Simulated Author's Rebuttal

2 responses · 0 unresolved

We thank the referee for the constructive comments. We address each major comment below.

read point-by-point responses

  1. Referee: [Abstract and opening sections] The central claim of a 'comprehensive' and 'systematic' review that fills a gap is load-bearing, yet no literature search protocol is described (databases, keywords, time bounds, inclusion/exclusion criteria, or PRISMA-style flow). This directly affects evaluability of coverage and selection bias risk.

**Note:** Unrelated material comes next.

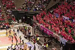 The Happinets fans are widely known as "Crazy Pink" and sometimes have overwhelming numbers at the visitors games.[37][38][39] The hoop-crazed fans light up arena with "Bigabiga", pink glow sticks and sing the prefectural anthem before the game.[40] The Happinets home court rocks with another stadium anthem "Fly Again" by Man with a Mission, and CNA Arena Akita is one of the hottest and loudest basketball venues in Asia.[41][42][43] The Akita Airport limousine buses have the painted images of the Happinets and Blaublitz Akita.[44]

    Authors: We agree that a detailed literature search protocol was omitted and that its absence limits transparency. In the revision we will insert a new 'Review Methodology' subsection (placed after the introduction) that specifies the databases queried (IEEE Xplore, Web of Science, Scopus, ScienceDirect), the Boolean keyword strings employed, the temporal window, explicit inclusion/exclusion criteria, and a PRISMA-style flow diagram showing the number of records screened and retained. This addition directly mitigates the evaluability and bias concerns raised. revision: yes

  2. Referee: [Framework proposal section] The proposed resilience enhancement framework is presented as the basis for reviewing metrics and contingency models, but the manuscript provides no explicit comparison to prior MES resilience frameworks or justification for its structure, leaving unclear whether it is additive or primarily reorganizational.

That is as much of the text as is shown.